Declining foreign investments
While tourism took off in the Maldives in the 1970s as an extension of Sri Lanka tourism packages, it was not until the ‘80s that the country opened to foreign investment – and that primarily included the areas of resort management, telecommunications, accounting, banking, insurance, air transport, courier services, and some manufacturing. Foreign direct investment (FDI) contribute to a huge part of the GDP of the Maldives — to the tune of 88.9percent in 2015 .
To keep the investments inflows, the government has been inviting investors at various forums across the world to invest in large infrastructure development projects and acknowledges the importance of FDI in works of strategic significance.
India is one of the Maldives’ leading investors. In fact, in 2016, a summit was held in India for Indian investors to invest in a number of investment-ready projects in sectors like finance & banking, real estate, tourism, information and communication technology, and renewable energy.
But what does not support this economic imperative is the political instability – with reported violations of civil and political rights.

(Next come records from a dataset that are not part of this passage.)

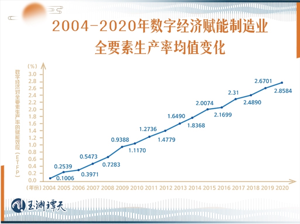 有學者做過測算,從2004年開始到2021年,數(shù)字經濟賦能制造業(yè)全要素生產率效能呈逐年上升的趨勢,且近年來,賦能均值達到了最高點。
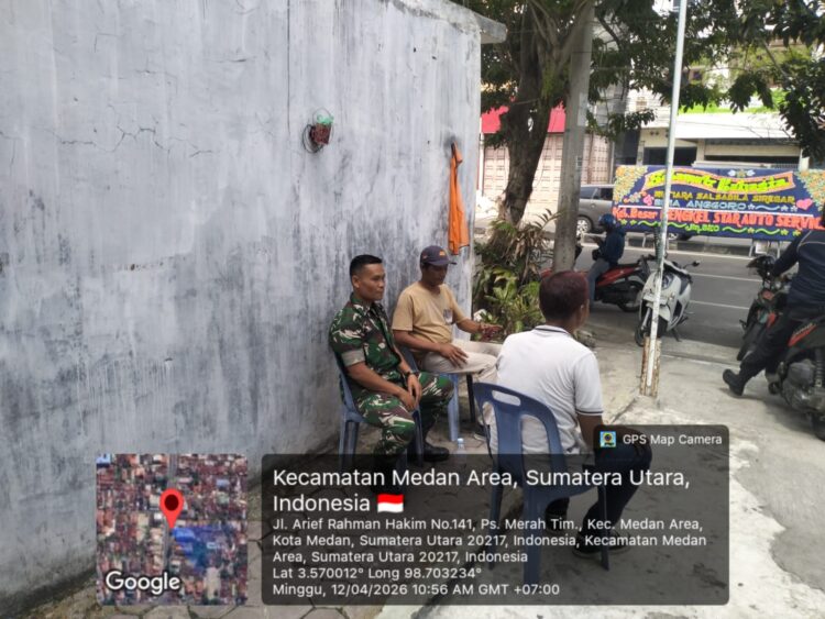 Medan Area – Dalam menjalin komunikasi antara aparat Komando Kewilayahan dengan masyarakat bisa dilakukan di mana saja. Seperti yang dilakukan Babinsa Koramil 0201-04/MK, Sertu Indra Putra Maha melakukan Komunikasi Sosial (Komsos) dengan juru Parkir bertempat di Jl. Arief Hakim No.141 Kel.Pasar Merah Timur, Kec . Medan Area Minggu, (12/4/2026).
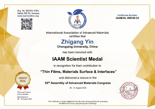 Professor Yin Zhigang from the School of Electrical Engineering has been honored with the Scientist Medal by the International Association of Advanced Materials (IAAM).
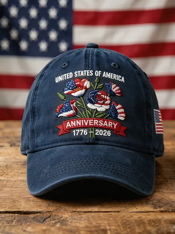 Unisex USA 250th Anniversary Floral Embroidered Washed Baseball Cap
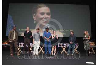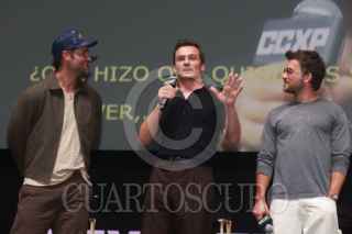 CIUDAD DE MÉXICO, CIUDAD DE MÉXICO, 31MAYO2025. Manuel García-Rulfo, Rupert Friend, Jonathan Bailey, Mahershala Ali, Scarlett Johansson y el director Gareth Edwards asisten al segundo día de actividades de la Comic Con Experience México 2025 “CCXPMX25”, promocionando la película “Jurassic World Renace”, en el Centro Banamex. FOTO: EDGAR NEGRETE LIRA/CUARTOSCURO.COM

The Maldives has also gone down several spots in the World Bank’s Ease of Doing Business rankings for 2017, ranking 135 out of 189 nations. It ranked 129th in 2016.

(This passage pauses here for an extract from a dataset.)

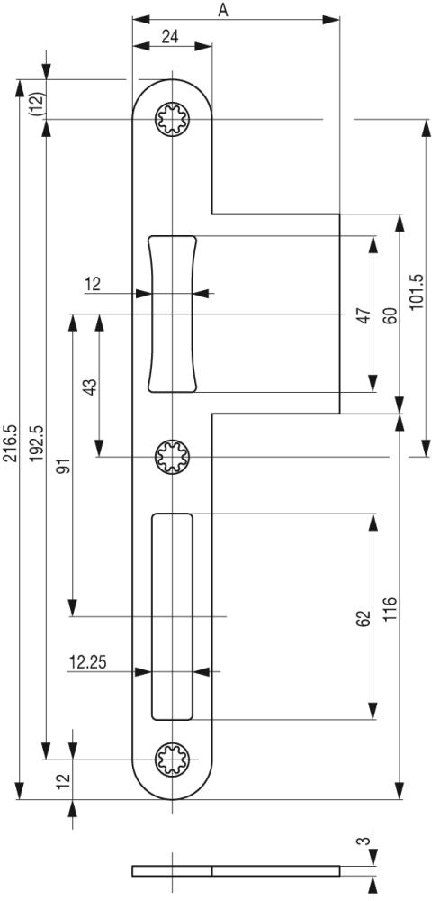 Produktinformationen "BKS Lappenschließblech, B-90000, Edelstahl, 24/62,5mm rund, DIN Links, edelst., niro"
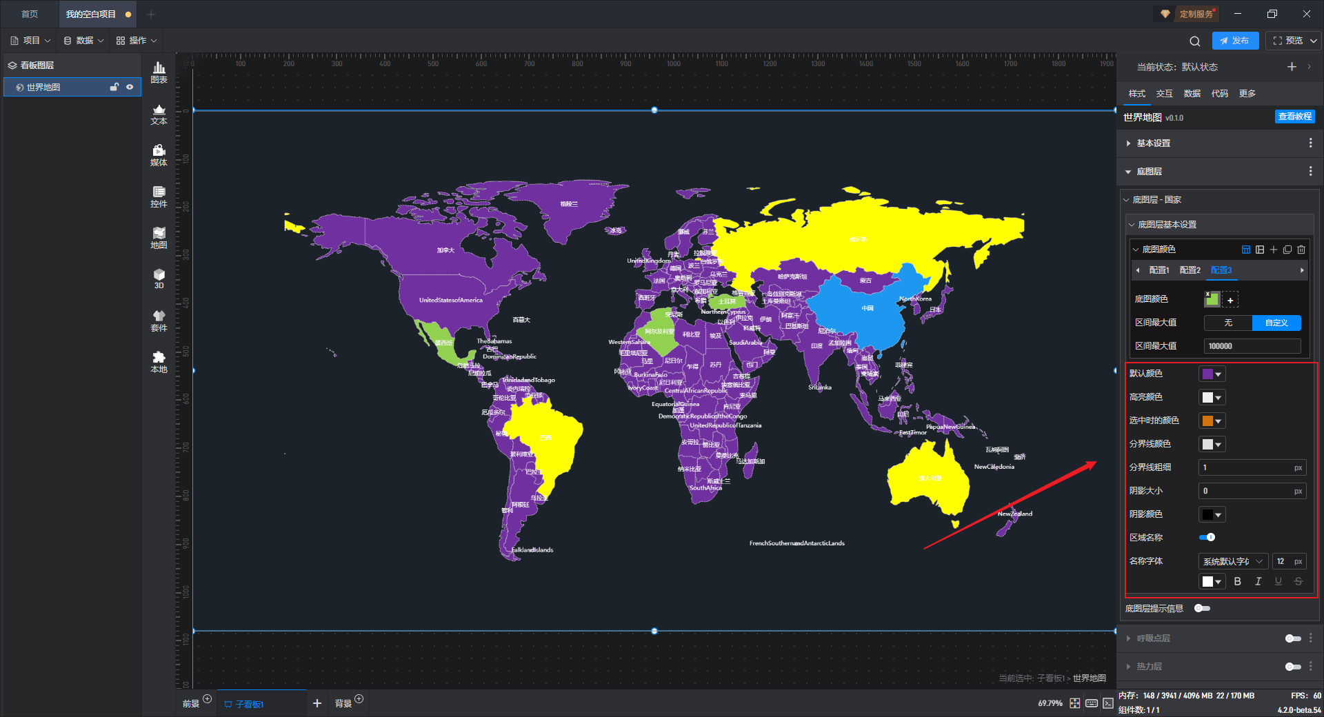 | 分界线粗细 | 自定义对地图中各区域之间的分界线粗细,默认“1px”。 |

A slew of investment disputes with Indian corporations in the recent past has queered the pitch further for investments coming into the Maldives from India – be it GMR or Tatva or the most recent one involving Nexbiz.
In 2012, the Maldives cancelled an agreement with Indian firm GMR Infrastructure Limited to develop an airport in capital Male that was awarded in 2010. The $500-million (INR 2,750 crore) deal was the largest foreign direct investment for this Indian Ocean archipelago. The contract was terminated through a cabinet decision with 7 days’ notice, amid political protests, citing national interest concerns and bidding irregularities. Four years later in 2016, GMR was awarded compensation of approximately $270 million by the 3-member Singapore International Arbitration Centre.

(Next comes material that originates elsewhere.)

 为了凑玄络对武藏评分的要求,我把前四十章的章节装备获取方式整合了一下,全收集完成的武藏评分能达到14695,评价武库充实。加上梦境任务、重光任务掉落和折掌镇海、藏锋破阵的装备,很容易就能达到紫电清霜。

The new Government in 2012-13 also renegotiated a $49 million waste management project signed between the earlier Government and India-based Tatva Global Renewable Energy.
In 2010, the government had awarded the development of 280 flats under the social housing programme in the land plots of the former Gaakoshi and Arabiyya School to Tata Housing. In exchange, the then government had also awarded two other land plots, Odion and Naadhee, for Tata Housing to develop and sell in open market. The current government unexpectedly sent a notice for termination of agreement with Tata Housing.
Another recent example is the Malaysian security firm Nexbis Solutions which won an arbitration award of $15 million as compensation for the Maldivian government’s termination of a US$39 million border control project.
While the Tatas might take the GMR route to arbitration, these decisions raise very pertinent questions about the long-standing bilateral ties the Maldives has with India and the sanctity of contracts.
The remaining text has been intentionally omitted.